When the meeting broke up, my master accompanied a very intelligent friend and Physician in his carriage home, and the discourse naturally turned to the subject of the eminent foreigner whom they had that evening seen. “You know,” said Dr. Samuel Foart Simmons, “that the Prince is the brother of the present King of Poland, and since his arrival in England I have seen a great deal of him, as he has done me the honour of inviting me frequently to his table. The motive of his visit to England at this moment is, to absent himself during the present session of the Diet, that he may avoid all interference in the question now agitated, relative to the succession. My introduction to him was through Dr. Szaster, a Polish Physician, whom the Prince had met at Paris, and who is much esteemed by him, and who was recommended to me by some of my friends. My first visit to His Highness, at his house, No. 11, Soho Square, which had been taken ready furnished for him, was in company with Dr. Grieve, who from his residence in Russia and Poland, and his consequent acquaintance with the languages and customs of those parts of Europe, has rendered himself very agreeable and highly useful. As a Polish dinner given in London was quite a novelty to myself, and perhaps may be so to you, I will describe it minutely. I was invited for four o’clock, and our party consisted of six: before we sat down to table a glass of Dantzick liqueur was handed round on a waiter, with which, as a foreign custom, we readily complied.
“On taking our seats, the Prince placed himself at the head, and I took a chair on his right hand, while His Highness’s Physician sat at the bottom and carved. Two dishes of oysters were first placed on the table, and a servant then handed round a plate of lemons, cut into halves. I was going to drink a glass of wine with Dr. Grieve, for decanters of wine stood on the table near us; but the Prince pleasantly observed, that he hoped as Physicians we would excuse him if he reminded us of an old Polish opinion, that beer and not wine should be drunk immediately after oysters. When the oysters were taken away, a tureen of soup, called by the Poles bosch, made of milk and beet-root, and having an acid smell, was placed at top, bouilli at bottom, and a dish of boiled tongue, sliced and mixed with vegetables, in the middle. The Physician cut slices of the bouilli into the dish, which a servant carried round to the company: the same ceremony was also observed with respect to the other dish. Then slices of buttered French roll, covered with a chocolate-coloured powder, which I understood to be grated hare, were handed about.—After the second course, which consisted of fritters, roast turkey, and some made dish in the middle, the dessert was put upon the table, and the servants withdrew. The Prince was in excellent humour, extremely communicative, and the conversation became interesting.

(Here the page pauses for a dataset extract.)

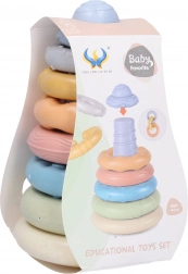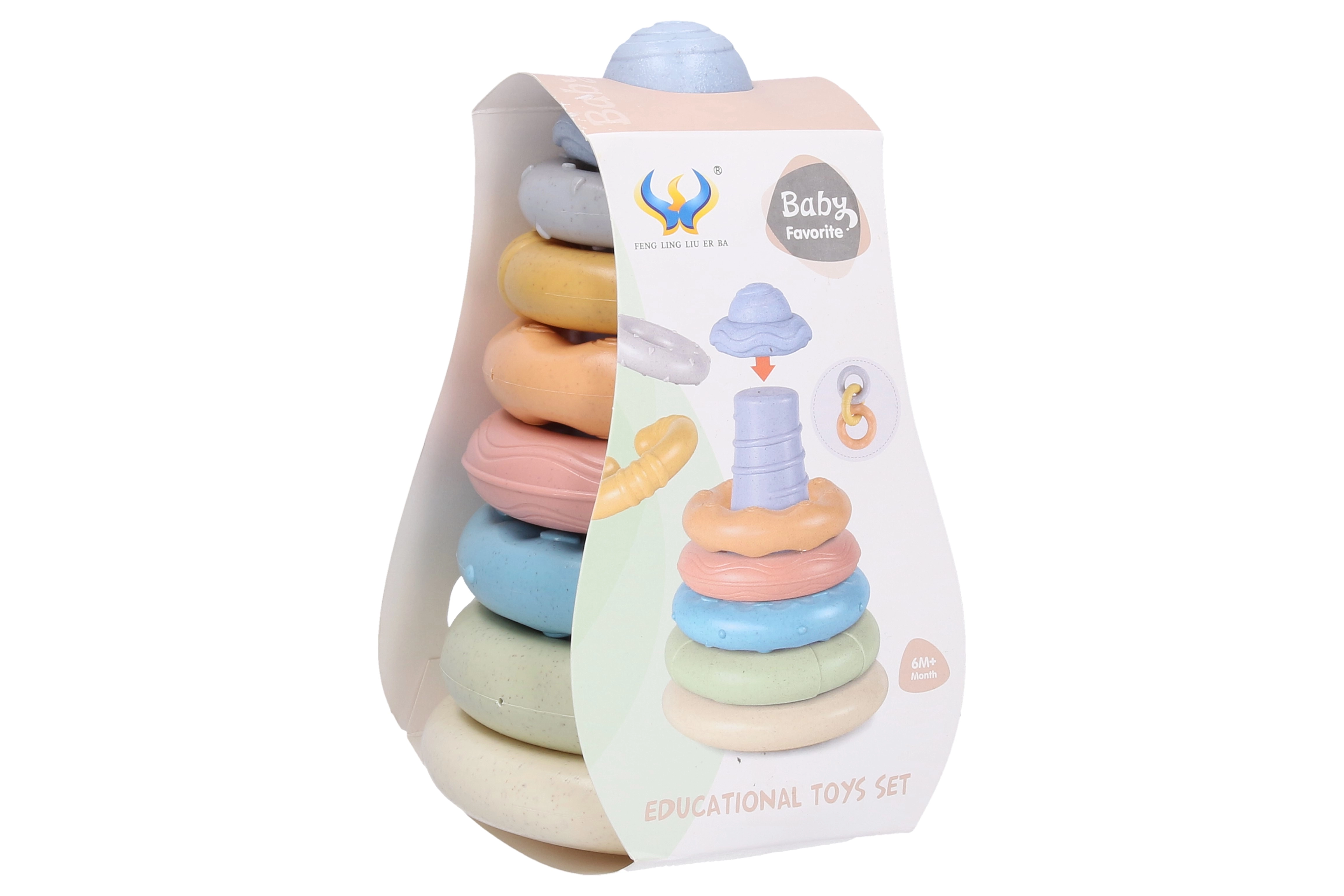 Ta klasyczna zabawka edukacyjna wspiera prawidłowy rozwój dziecka w formie zabawy. Dzięki różnym rozmiarom kółek dzieci uczą się rozpoznawania kolejności, kolorów oraz trenują chwyt. Wieża jest lekka, wytrzymała i idealna do codziennej zabawy w domu i w podróży.

“He had dined a few days before with the Archbishop of Canterbury, who had told him an anecdote which had pleased him so much, that he had communicated it in a letter he had just written, and which was going by the next post to Poland. Before he sealed his letter, His Highness read that part of it to us. It related to a dramatic writer whose play had been a good deal applauded, and who was informed that on a particular night a great philosopher and mathematician was to be present at its performance. ‘This,’ said the author, ‘is the man for me: I shall long to hear what he says of my play. The opinion of such a judge will be really worth having.’ The mathematician took his seat in the centre of the pit; and when the performance was over, the author was anxious to have his opinion of the piece. ‘I find,’ said the philosopher, ‘that such an actress has pronounced 3284 words, that such an actor has pronounced 2864,’ &c.; and this was the only reply that the mortified dramatist could obtain.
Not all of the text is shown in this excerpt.